Interesting bar clamps. Are they British?


----------



## kevin.decelles (Oct 25, 2020)

Amazing work!  I'd like to be blindfolded and walked in to 'smell' your wood shop...........  then have the tour.  Nothing like the smell of a wood and/or metal shop that is well used.


----------



## francist (Oct 25, 2020)

Are they British? No, Japanese actually. I believe “hatakane” is the name — you can find lots of them out there. I got these ones from Lee Valley many moons ago, very inexpensive but handy as get-out for light weight jobs. They still sell them although I think maybe not by the Japanese name anymore.

The smell of the shop, yes, it can be interesting. Spicy if mahogany is on the menu or lightly acidic from walnut or oak. I have some European olive that seriously smells like pickles when you cut it, and then a plank of white sandalwood I imported from Hawaii. Should have seen the UPS driver with that when he brought it in the driveway — “ you bought this from WHERE?...”.


----------



## francist (Oct 29, 2020)

I took another short week again at work so got to spend some more time on the clock. I want to get it off the bench and get on to other things (I already have but don’t tell anyone).

This the movement in the case as seen from the back of the clock. You can see my modified mounting tabs with the arc-shaped slots. 






Getting screws in (slot head, of course) would be really frustrating were it not for split blade screw starters.

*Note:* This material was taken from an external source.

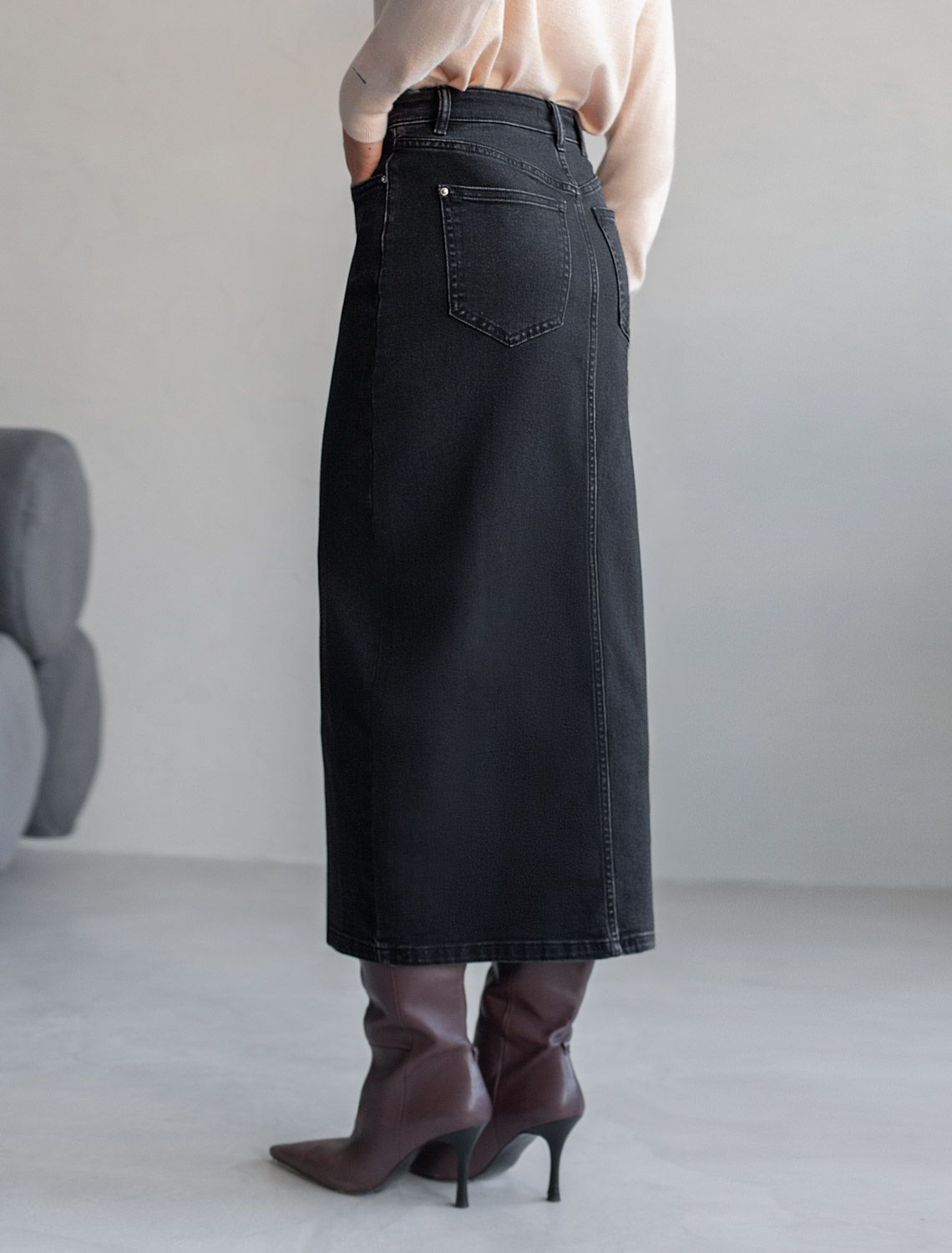 Джинсовая юбка из плотной эластичной джинсы 13OZ. D56.124 черный
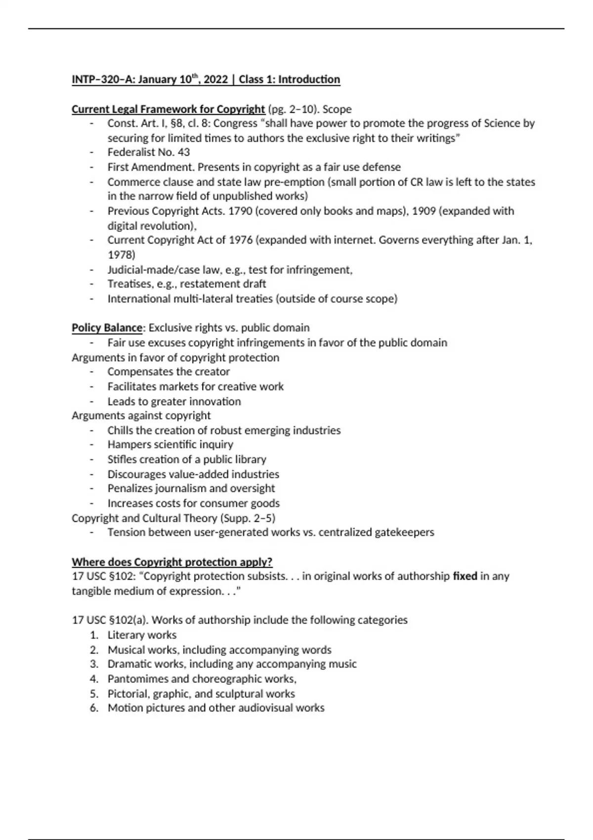 INTP-320 Copyright Law Class Notes (28 total)

I can’t remember the originator of this pattern but I have a set of three knock-offs that work alright. The blade has an angled split up the middle and when you slide the collar down to the tip it causes the two halves of the blade to ride up on each other and grip inside the screw slot. Works great, especially on brass fasteners where a magnetic tip is useless.






Here’s the movement in the case from the front side.






And here with the front bezel and new lens in place. 










The dial is next. It’s enamel on copper (real enamel, not enamel paint) and mounts to the bezel through the two little V-notches at 9 and 3. Super paranoid about losing these two screws — I do not want to try to cut one of these. Just for kicks I measured the width of the slot in the head, a mere nine-thousandths wide. 










More in a minute....


----------



## francist (Oct 29, 2020)

The back cover works much like the front bezel except instead of two screws it uses four small brass escutcheon pins driven in through the flange. Not a very robust method but nobody has to go in there on a regular basis like you would the front. There are a few really pitted scratch marks that didn’t want to polish out so I left them. 














Last but not least, the hands. There was a little surface rust on parts of them but otherwise not bad. I scuffed them a bit with some grey Scotchbrite, applied some cold bluing followed by a little rub with Boeshield T-9. The minute hand goes on first and is a friction fit onto the barrel. The hour hand is next and fits the small square on the shaft, and the whole mess is retained with a small grooved washer (had to make one) and tapered cross pin. Once the pin is snugged place, you just clip the extra length off either end and call it good.










And that’s all she wrote guys, thanks for following along. On to something else...






-frank


----------



## David_R8 (Oct 29, 2020)

That looks really great Frank, nice work!


----------